На крыльце дымил едким самосадом взъерошенный, расчерченный солнечными бликами, сухонький старичок. Вызывающе поблескивала вспотевшая лысина, торчавший клинышек седоватой бороденки придавал ему воинственный, колючий, но очень свойский вид. Из-под очков, сползших на самый кончик красного и мясистого носа, высверкнули неожиданно синие, по-детски любопытные глаза.
– Председателя? – строгим голосом человека, близкого к начальству, спросил старик. Часто-часто поморгал и вдруг вперил в Степана свои добрые синие глаза.
«Только бы не узнал да народ скликать не стал, – устало подумалось маршалу. – Тогда собрания не миновать. И пойдет, поедет. Районному начальству сообщат, митинг организуют… А старик-то, видно, приметливый, цепкий».
Но интерес деда Семена погас быстро. Он разочарованно отвернулся и сизым дымом выдохнул:
– Занятная штука. Попервости чуть во фрунт не вытянулся – вылитый маршал с портрета. Да обмишурился по старости. Похож, да не тот. Кишка тонка, брат, до него. У маршала одна выправка что тебе гвардия. Да и глаз боевой, напористый. А так схожи, калибр твой поменьше только.
Степан пропустил мимо ушей колкие дедовы словечки. Нетерпеливо поджидал Лукича, который, по заверению Семена, вот-вот должен прийти с фермы. А старик, точно не замечая неразговорчивости гостя, стремительно менял темы, плел причудливую словесную вязь. Будто до этого годы молчал и теперь должен был непременно высказаться до конца:
– До войны не деревня была, а загляденье. Почитай, в каждой избе по два мужика. Да и бабы у нас первостатейные – на масленой от сватов отбою не было. Вон хоть мою Ефросинью возьми, царствие ей небесное! Уж какие зажиточные из Поречья подкатывались! Ан нет, пошла за меня. Правда, невзлюбил меня ее отец, мужик богатый, сутяжный. Да и он сломался. А куда повернешь-то? И лицом и статью я хоть куда. Да и по машинной части во всей округе нет мне ровни. Домишко обиходили, детей народили, все честь по чести пошло. Четыре парня вымахали один к одному. И тут война проклятая… – И, поймав глаза маршала, сбился с хвастливого тона. Глухо, враз севшим голосом стал допытываться: – Ты объясни, мил человек, «пропал без вести» – это что, насовсем? Бумажка какая-то тревожная, сумятливая. Что значит «пропал»? Мои не пропадут, мои ребята орлы и на подлость неспособные. С Михаилом и Яшей – тут все ясно. – Начал вытирать заслезившиеся глаза. – Казенные извещения… А вот что с Николаем и Сашкою? Ефросинья до самой смерти верила – вот-вот придут. Меня теперь сумление берет. Ежели в плену, то убегут мои сыновья. Тогда стоит мне пожить и дождаться. Или обмен пленными начнут, или как будет-то, мил человек?
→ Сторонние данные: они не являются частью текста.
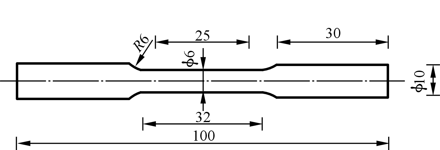 圖2 拉伸試樣尺寸示意圖 圖3和圖4分別為熔鹽法制備的Al-5Ti-1B中間合金的XRD圖譜和顯微組織。可以看出,Al-5Ti-1B中間合金包含Al、Al3Ti和TiB2等3種物相。結(jié)合有關(guān)研究可知,Al3Ti相主要以塊狀分布在基體中;納米尺度的TiB2顆粒以團(tuán)聚形式存在,主要沿著α-Al晶界分布。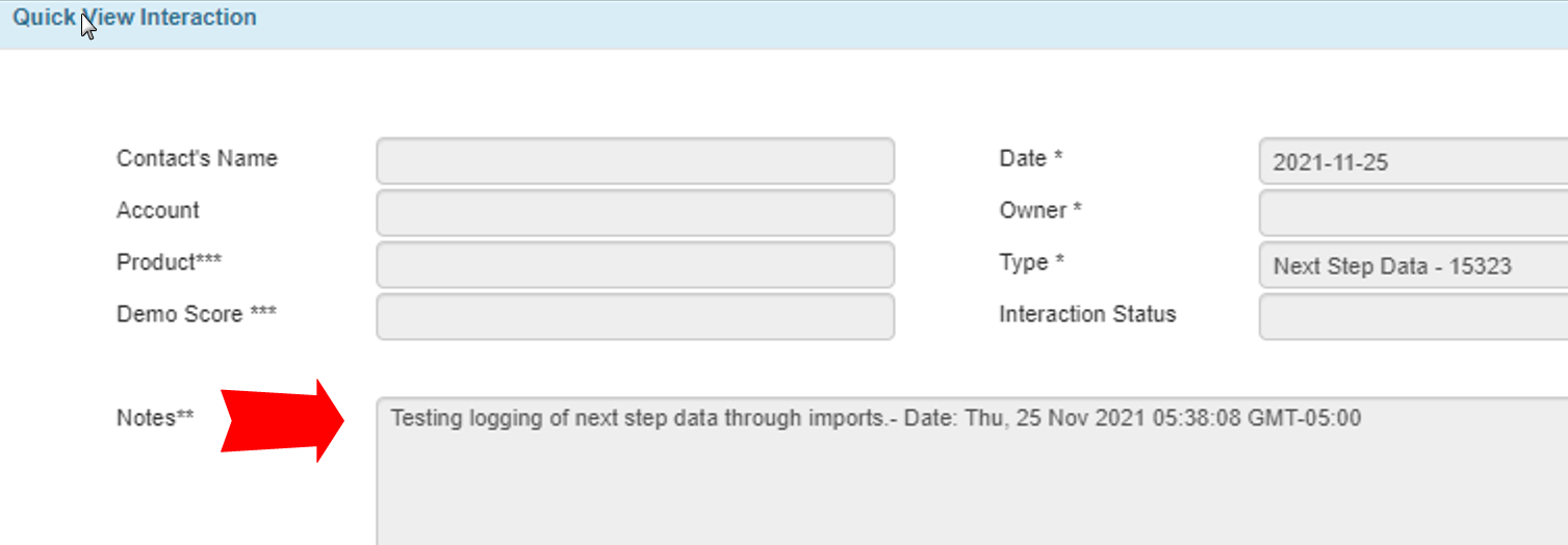 When someone is updating the Next Step field in the Sales Pipeline table, TIGA will automatically save the previous data with a time-stamp to the Notes field of the Interaction window and table. This helps you effortlessly track the Contact Sales Pipeline Next Step history.

Ну, что мог ответить маршал этому обкраденному со всех сторон жестокой войной старику, чем утешить его, сиротливого и одинокого? Когда сам только-только разбирался в послевоенных делах и заботах. И толком не знал, сколько же пленено наших солдат и какая судьба ждет их?
Но сумел оторваться от больших забот, сосредоточился на интересе деда Семена, который хотел знать о своих детях и кому неведомы были сейчас всеохватные государственные проблемы.
– Во всем разберутся, отец. Невиновные скоро домой вернутся. А раз твои ребята – орлы, присяге верные, печалиться нечего. Проверят, порасспросят очевидцев… Накажут только виноватых, а к честным грязь не пристанет.
– Так-то оно так… Хоть бы весточку подали, отозвались отцу. Какая же жизнь без веры…
Лукич подошел неслышно. Постаревший, севший в плечах до мальчишеской угловатости. С пустым рукавом гимнастерки, заправленным под ремень, с бобриком редких, выбеленных тяжелыми годами волос. Этот мужчина ничего общего не имел со статным, цыганисто-красивым комэском Александром Винокуровым. Боже, как проутюжила его жизнь, что с человеком сделала! И сразу же подумалось о себе: верно, годы и его не помиловали, старательно прошлись по лицу, если Лукич рассеянно скользит усталыми глазами…
Привычно, будто надоевшему уполномоченному:
– Слушаю вас, товарищ…
– Лукич! Да ты что? – И растерянно, огорченно: – Не признал, значит… Саша, Лукич! Тьфу, наваждение какое-то…
– Степан Иваныч… Степан Иваныч… Да не сон ли вижу?! Да и что за цирк? Без парада, в кепчонке… В избу, к столу! Дедушка, давай припасы. Гость дорогой пожаловал…
В один миг, со сноровистостью тридцатилетнего дед Семен преобразился: рубаху новую напялил, «Георгия» нацепил, да и сказочный стол спроворил. Он сновал из кухни на чистую половину суетливо и радостно. Потому как уж очень хотелось принять гостя честь по чести, повеселить первачом, обиходить гостеприимно и хлебосольно. Опрокидывая стопку, не задерживался за столом. Понимал, что он при беседе лишний. Выставив все, что было в доме, завалив стол нехитрыми закусками, потихоньку притворил дверь и выскользнул на крыльцо…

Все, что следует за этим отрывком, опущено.